To reduce the random error firstly we must do more trials. Just by doing this, we will reduce the random error. Finally as the problem with the color change was that it was a qualitative observation. To improve this we can get a quantitative measurement. To do this we use a colorimeter. This is a device we will put behind the solution. This measures the exact absorbance or transmission of light. Thus as the light absorbance changes when there is a color change, when the colorimeter states such we know that the color change has occurred. Hence we know exactly the equivalence points. The significance of this improvement is that it would enable us to get qualitative results. Thus if the colorimeter very accurate we can decrease random error, as there is no human error. Also, as the colorimeter is accurate, systematic error will also be limited.

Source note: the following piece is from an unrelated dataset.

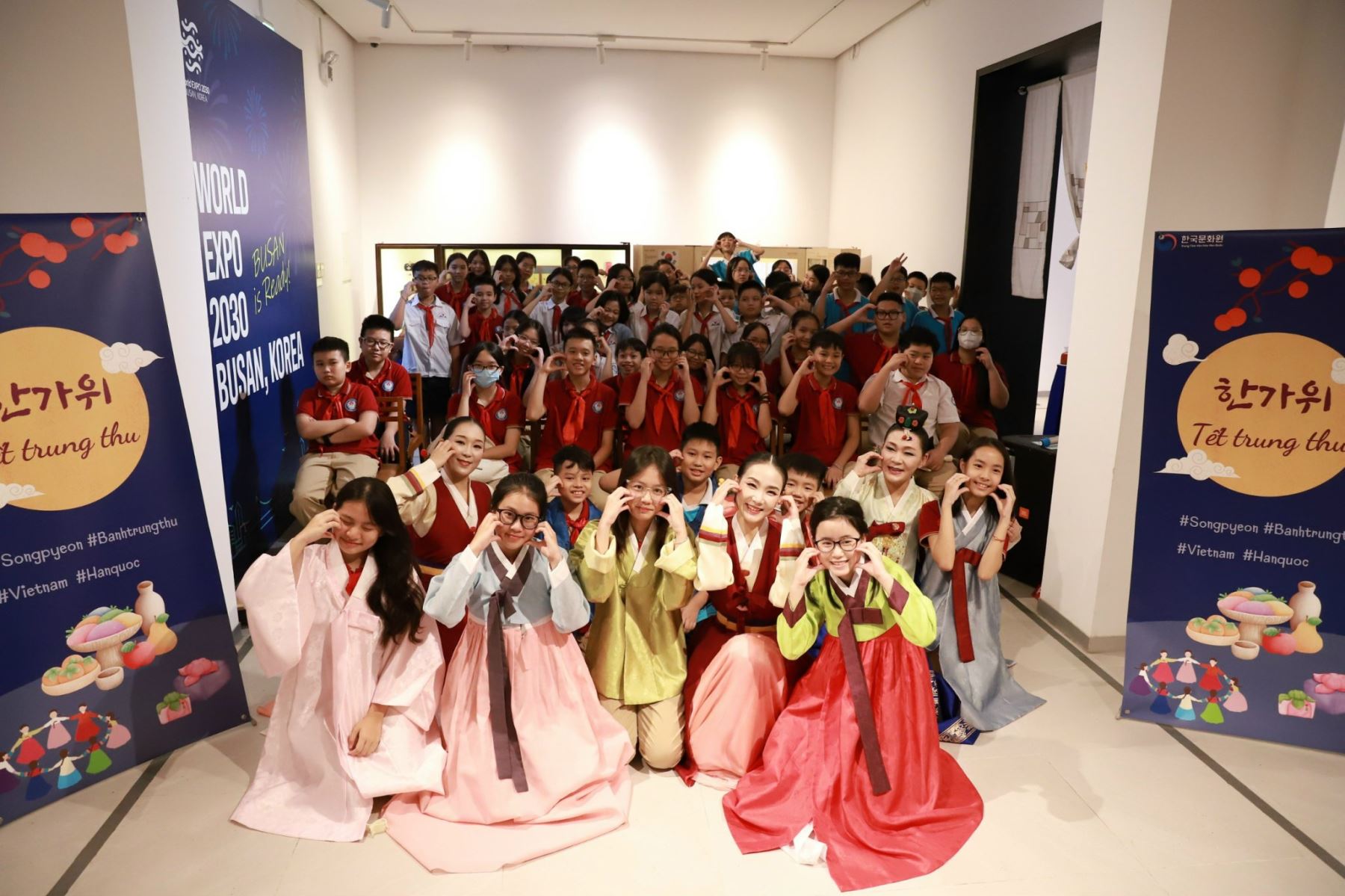 Nhận được thư mời của Trung tâm Văn hóa Hàn Quốc tại Việt Nam thông qua trung tâm GSG – Đơn vị thực hiện giảng dạy môn tiếng Hàn tại trường THCS Ngọc Lâm, buổi chiều ngày 27/9/2023, học sinh trường THCS Ngọc Lâm vui mừng tham gia ngày hội văn hóa Hàn Quốc với tên chương trình “Xem biểu diễn nghệ thuật và trải nghiệm làm bánh Songpyeon nhân dịp Tết trung thu” tại khuôn viên của Trung tâm Văn hóa Hàn Quốc. Đây là chương trình trải nghiệm văn hóa có ý nghĩa thiết thực với mong muốn quảng bá những nét văn hóa đặc sắc của Hàn Quốc.

Another way we can improve is in the systematic errors. The first problem was measuring accurately volumes. As the pipettes had big uncertainties, the volume recorded had high %uncertainties. If we however use micropipettes, which have ±0.01 cm3 uncertainties, our volumes will be extremely accurate. Hence %uncertainties will be minimal. Also micropipettes allow much easier for drops of base to be dropped. Thus the significance of this improvement is that when we measure volumes, the equivalence point will occur, more exactly as we will be less likely to overshoot the solution.
Finally to solve the inaccurate measurements of PH we can get a PH sensor and data logger. These do real-time measurements and will state the PH with less uncertainty. It will also provide an alternative method for calculating the half-point. As the data logger draws the graph of the titration done, it can calculate the point with the highest gradient. Thus this will be the equivalence point. Hence we can calculate the PH at half the equivalence point of the graph as this is half the volume of base at equivalence. Thus clearly calculating a very accurate PH from the curve. The significance of this will be that it is a major improvement on method 2 and 1 as it is not qualitative. Thus it does not allow for human error. Hence as the sensor is also very accurate systematic error will also be limited as well as random error. Thus this method will get a very accurate PKa with low systematic and random errors.